---------- Available data
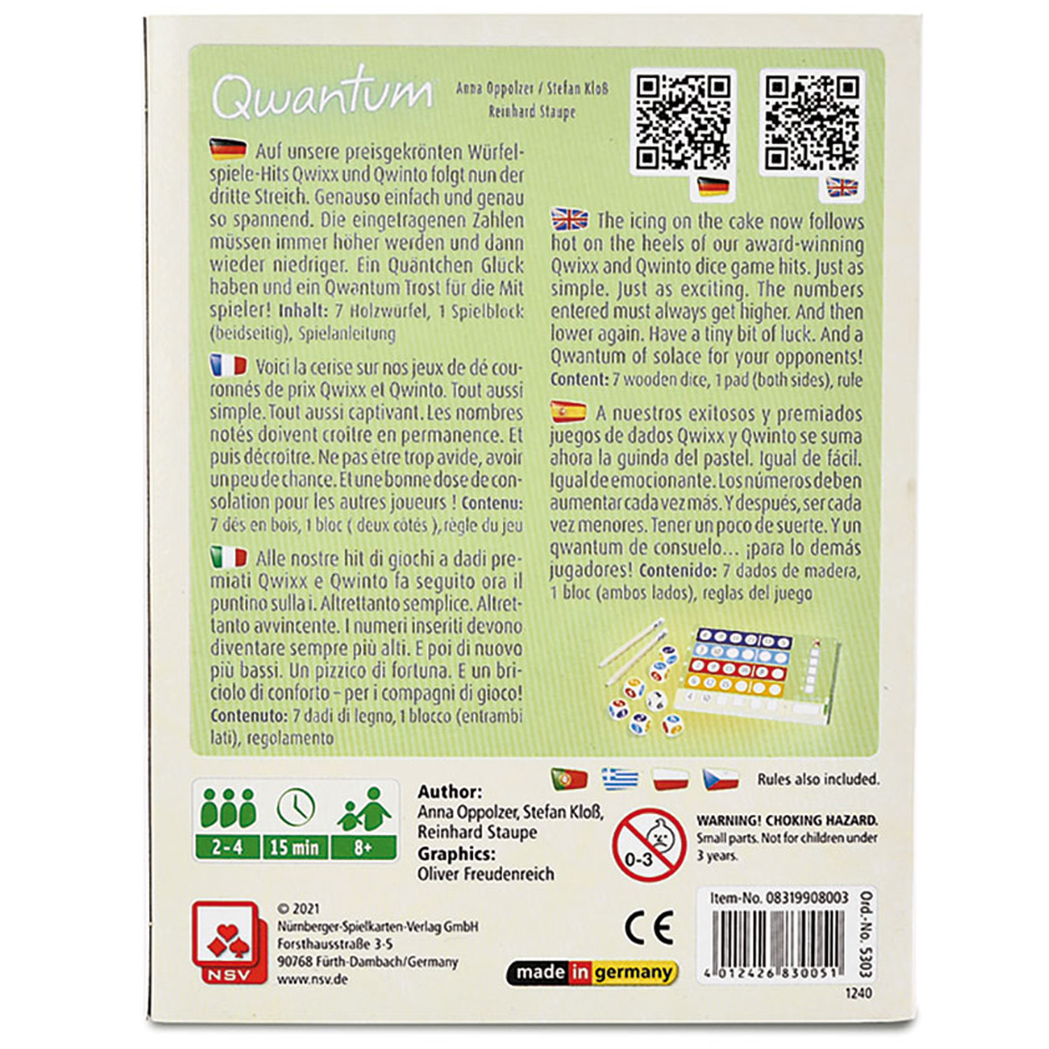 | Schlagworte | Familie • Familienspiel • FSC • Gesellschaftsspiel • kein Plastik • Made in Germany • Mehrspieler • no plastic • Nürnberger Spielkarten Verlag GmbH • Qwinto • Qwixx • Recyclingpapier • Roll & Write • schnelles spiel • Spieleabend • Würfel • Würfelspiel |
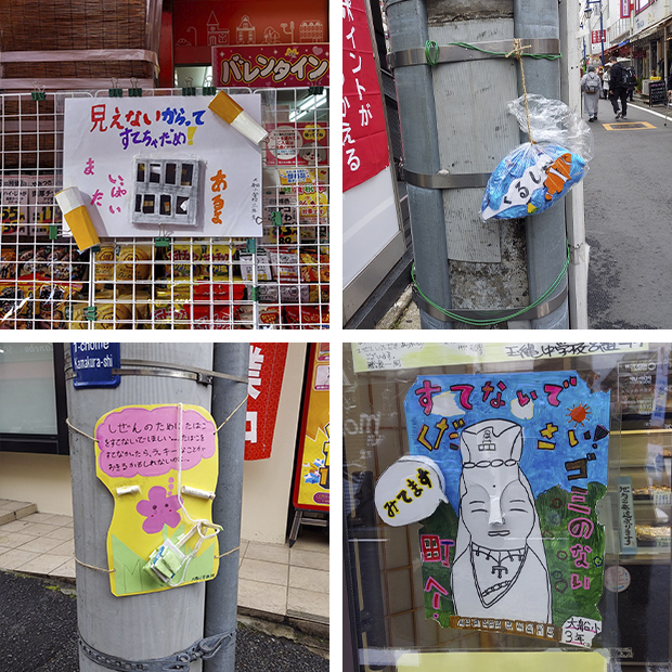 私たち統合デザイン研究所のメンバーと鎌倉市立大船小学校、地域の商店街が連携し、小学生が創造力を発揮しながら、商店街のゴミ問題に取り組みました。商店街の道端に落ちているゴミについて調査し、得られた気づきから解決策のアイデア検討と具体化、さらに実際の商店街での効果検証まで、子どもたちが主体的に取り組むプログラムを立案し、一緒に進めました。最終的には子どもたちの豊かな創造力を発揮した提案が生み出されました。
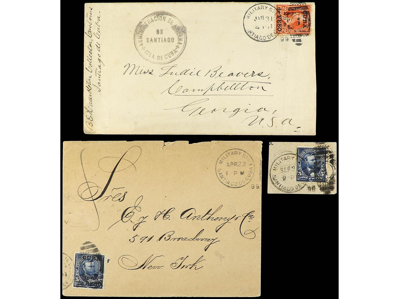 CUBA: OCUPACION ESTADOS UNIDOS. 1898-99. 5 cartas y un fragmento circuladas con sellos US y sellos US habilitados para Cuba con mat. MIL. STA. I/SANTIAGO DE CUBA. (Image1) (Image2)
--------------------
> Prompt:
Transcribe the listing above verbatim. Omit the pictures.

> Output for this task:
 | Schlagworte | Familie • Familienspiel • FSC • Gesellschaftsspiel • kein Plastik • Made in Germany • Mehrspieler • no plastic • Nürnberger Spielkarten Verlag GmbH • Qwinto • Qwixx • Recyclingpapier • Roll & Write • schnelles spiel • Spieleabend • Würfel • Würfelspiel |
 私たち統合デザイン研究所のメンバーと鎌倉市立大船小学校、地域の商店街が連携し、小学生が創造力を発揮しながら、商店街のゴミ問題に取り組みました。商店街の道端に落ちているゴミについて調査し、得られた気づきから解決策のアイデア検討と具体化、さらに実際の商店街での効果検証まで、子どもたちが主体的に取り組むプログラムを立案し、一緒に進めました。最終的には子どもたちの豊かな創造力を発揮した提案が生み出されました。
 CUBA: OCUPACION ESTADOS UNIDOS. 1898-99. 5 cartas y un fragmento circuladas con sellos US y sellos US habilitados para Cuba con mat. MIL. STA. I/SANTIAGO DE CUBA. (Image1) (Image2)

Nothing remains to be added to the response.